Supplied data
:::::

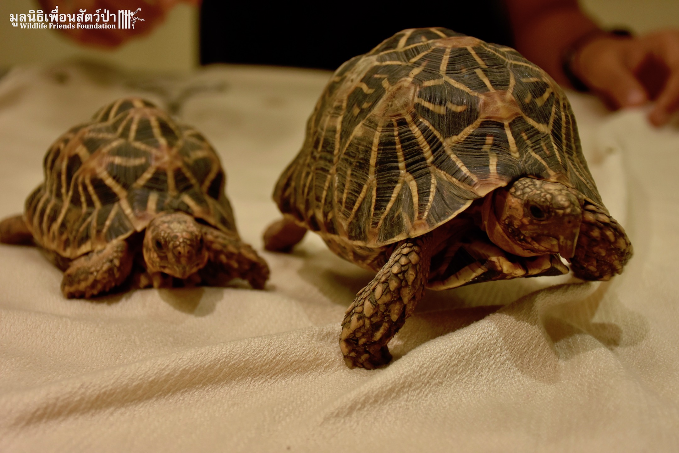 Meet Shani and Devi, two young Indian star tortoises (Geochelone elegans). They were bought from a market and kept as pets for the first year of their lives. The owner had to move away and could no longer care for them so contacted us for help. They arrived at WFFT this morning.
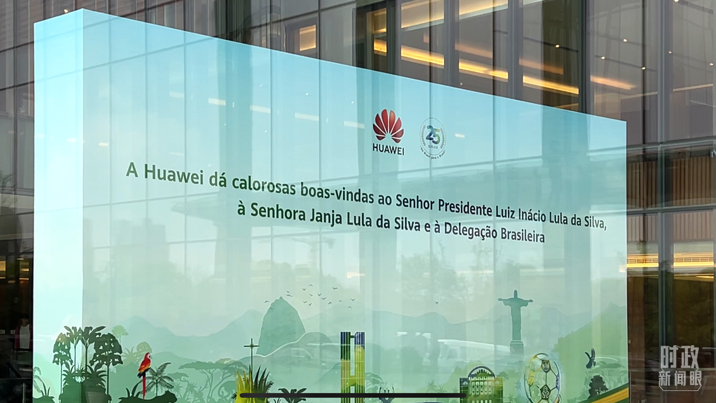 △華為上海研究所內歡迎盧拉總統(tǒng)參觀訪問的標語。(總臺央視記者楊新禹拍攝)
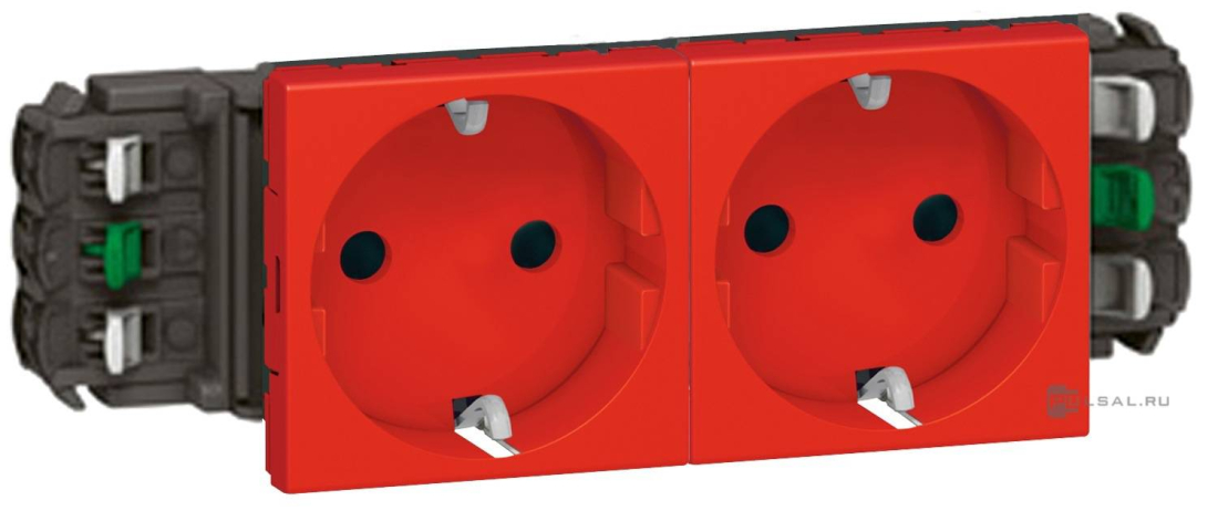 Розетка Mosaic, DLP, DLP floor, DLP IP 44, DLP IP 40, без шторок, с заземлением, одинарная, безвинтовые клеммы, цвет - красный
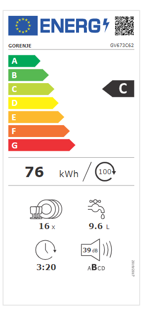 Dishwasher | GV673C62 | Built-in | Width 59.8 cm | Number of place settings 16 | Number of programs 7 | Energy efficiency class C | AquaStop function | Does not apply
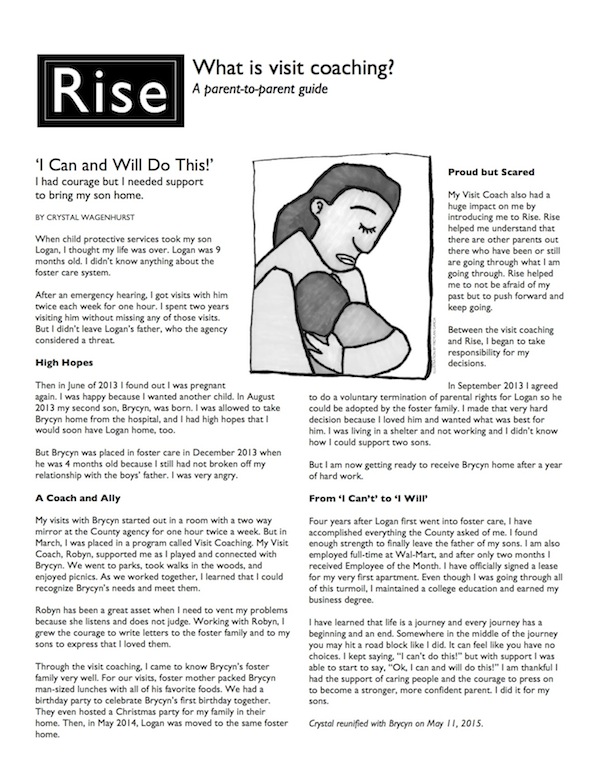Visit Coaching is a service to support parents in making the most of visits with children in foster care. This parent-to-parent guide explains Visit Coaching through two stories by parents — a parent who benefited from coaching, and a parent who reunified with her son and became a Visit Coach. Download and print to hand out to parents who may benefit from Visit Coaching.
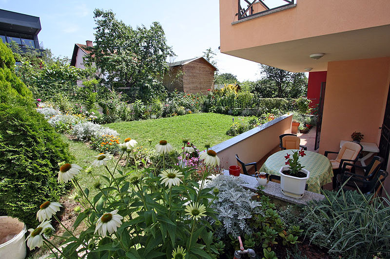 It consists of 3 bedrooms with access to garden and terrace (east), living room with dining area, fully equipped kitchen, 2 bathrooms (shower, tub), hallway, balcony, terrace, maintained garden (150m2), parking space and a garage.
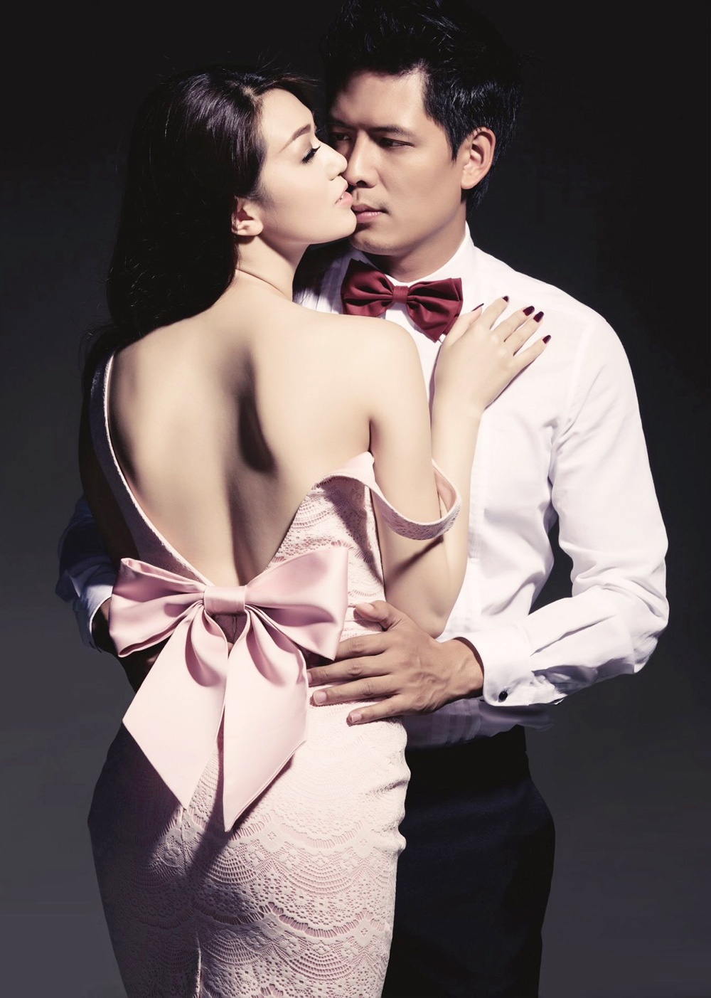 | Trong một shoot hình, chân dài làng mẫu ngồi trong lòng nam diễn viên Vật chứng mong manh tình cảm. |
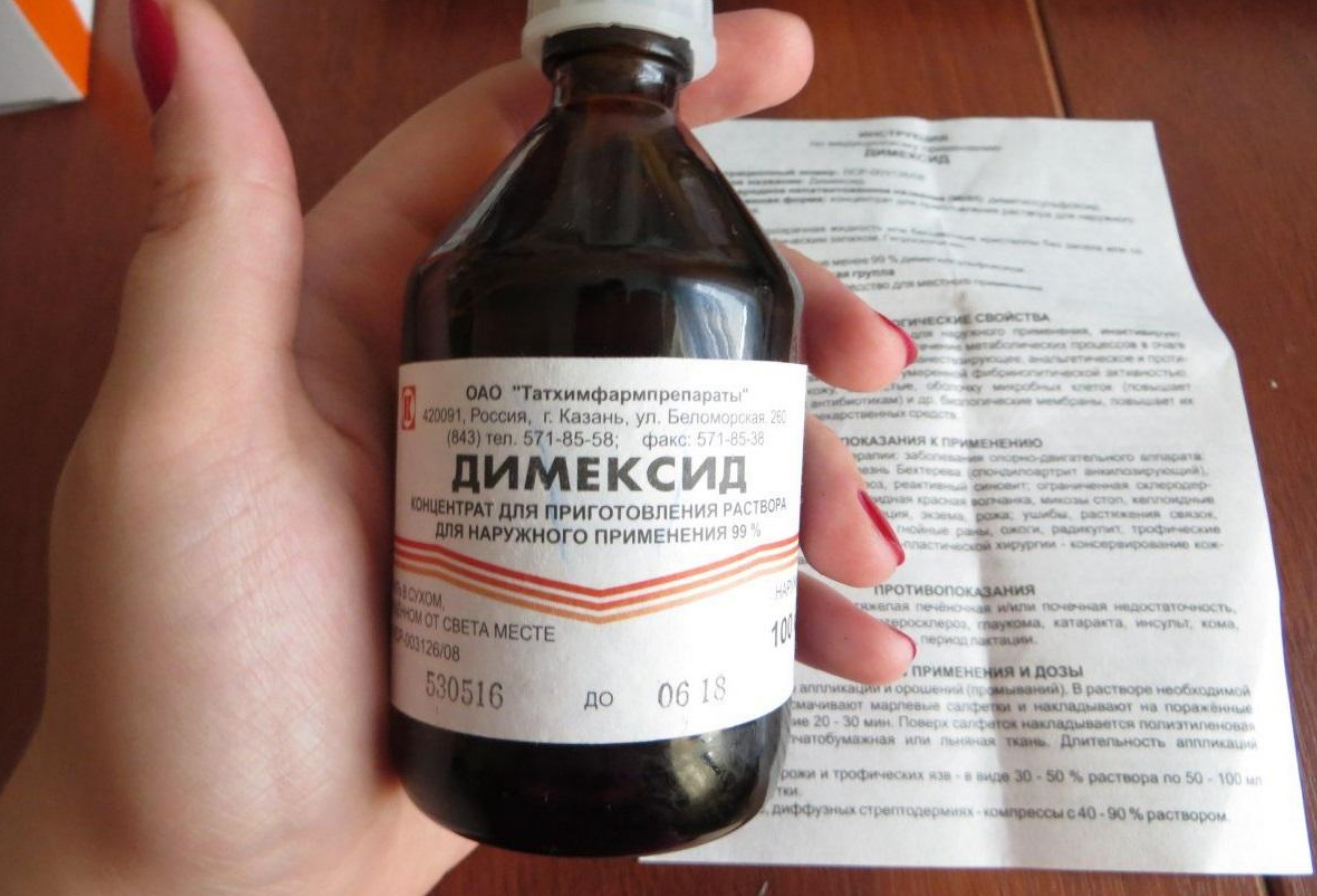 - нанести «Димексид» (наружное противовоспалительное и анальгетическое средство) на ватный диск, прижать к коже, после смыть проточной водой;

:::::

Problem requirements
No picture is to be printed. Output exactly the lines above from the line containing "Dishwasher | GV673C62" through the line containing "Visit Coaching is".

Completed exercise
 Dishwasher | GV673C62 | Built-in | Width 59.8 cm | Number of place settings 16 | Number of programs 7 | Energy efficiency class C | AquaStop function | Does not apply
Visit Coaching is a service to support parents in making the most of visits with children in foster care. This parent-to-parent guide explains Visit Coaching through two stories by parents — a parent who benefited from coaching, and a parent who reunified with her son and became a Visit Coach. Download and print to hand out to parents who may benefit from Visit Coaching.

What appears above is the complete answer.